By rickyjames, Section News Posted on Wed Nov 12, 2003 at 07:40:41 AM PST
In a potentially serious blow to future lunar colonization efforts, new radar measurements of the poles of Earth's moon show no signs of water there in the permanent shade and shadow of deep craters. Such radar measurements by the Arecibo Radio Telescope in Puerto Rico had previously discovered polar ice deposits on distant Mercury, but similar signals from our Moon are absent.
Lunar ice had been suspected from indirect radiation measurements in the 1990s by NASA's Lunar Prospector orbiter. At a distance of tens of miles above the lunar poles, that spacecraft detected high levels of hydrogen. The most probable source of such hydrogen was believed at that time to be shaded water in the form of surface and sub-surface ice. Now, direct probing to a depth of twenty feet of that part of the lunar surface by radar beams has failed to confirm the earlier hypothesis of polar ice. The moon's orientation means only about 20 percent of its shadowed polar craters can be probed by Earth-based radar, but Bruce Campbell of the Smithsonian Institution's Center for Earth and Planetary Studies believes it is unlikely that large slabs of ice are hidden in the inaccessible areas.
"It certainly would have been nice to find some sort of lunar skating rink, or thick layers of ice, but it looks like it's just not there," he said.
Writing in the current issue of Nature, researchers wrote, "We find that areas of the crater floors at the poles that are in permanent shadow from the Sun, which are potential cold traps for water or other volatiles, do not give rise to strong radar echoes like those associated with thick ice deposits in the polar craters on Mercury".

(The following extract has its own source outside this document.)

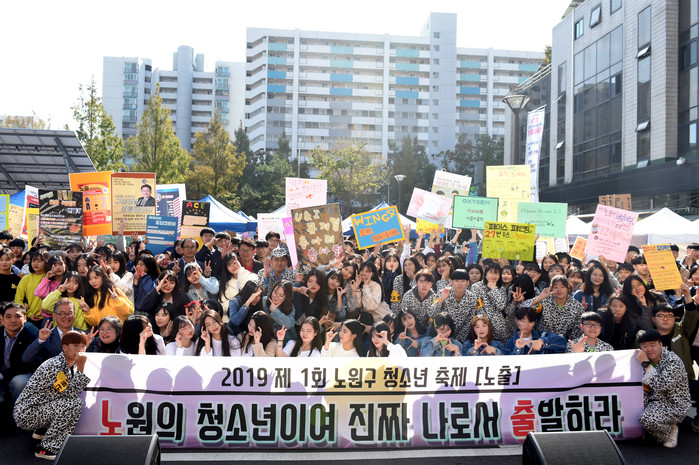 | ▲ 지난 10월26일 개최된 청소년 축제 ‘노출’에 참여한 청소년들이 기념촬영을 하고 있다. (사진제공=노원구청) |
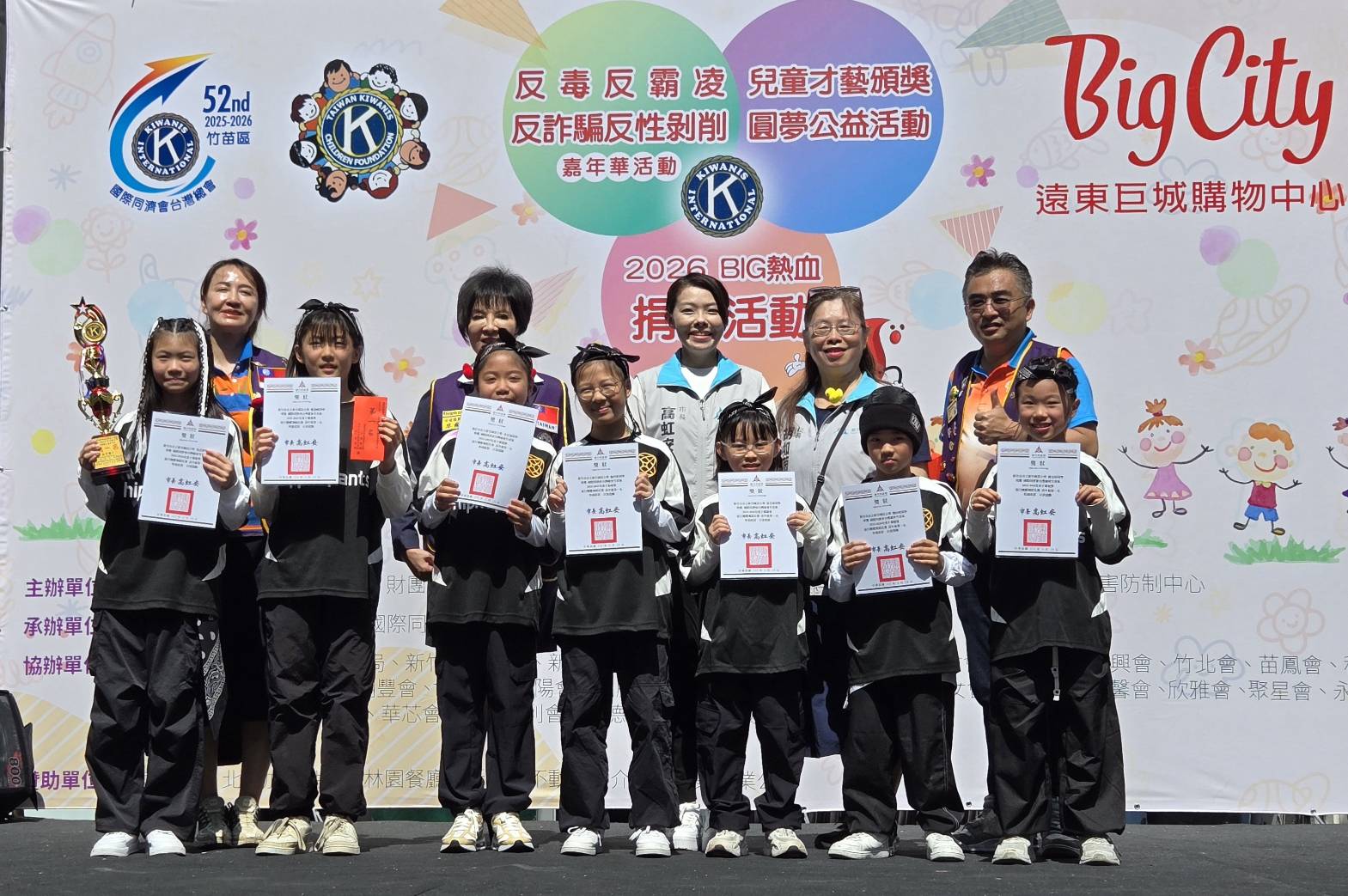 【民眾新聞網方健龍新竹報導】為推廣公益服務精神,並提升社會大眾對血液捐贈及兒少保護議題的重視,國際同濟會台灣總會竹苗區今(19)日在新竹遠東巨城盛大舉辦「同濟有愛 BIG 捐血」暨「同濟嘉年華」公益活動,市長高虹安特別應邀到場頒發兒童才藝比賽優勝得主,活動同時結合捐血行動與反毒、反霸凌、反詐騙及反性剝削等多元宣導內容,透過寓教於樂方式,打造一場兼具公益與教育意義的親子活動。

The earlier radiation measurements indicative of hydrogen remain unexplained. Further radiation measurements by NASA's Lunar Prospector are not possible because the probe was deliberately crashed into the lunar surface at the end of its mission. However, ESA's SMART-1 spacecraft en route to the Moon carries an infrared spectrometer to make further radiation measurements that may shed additional insight into the current puzzle.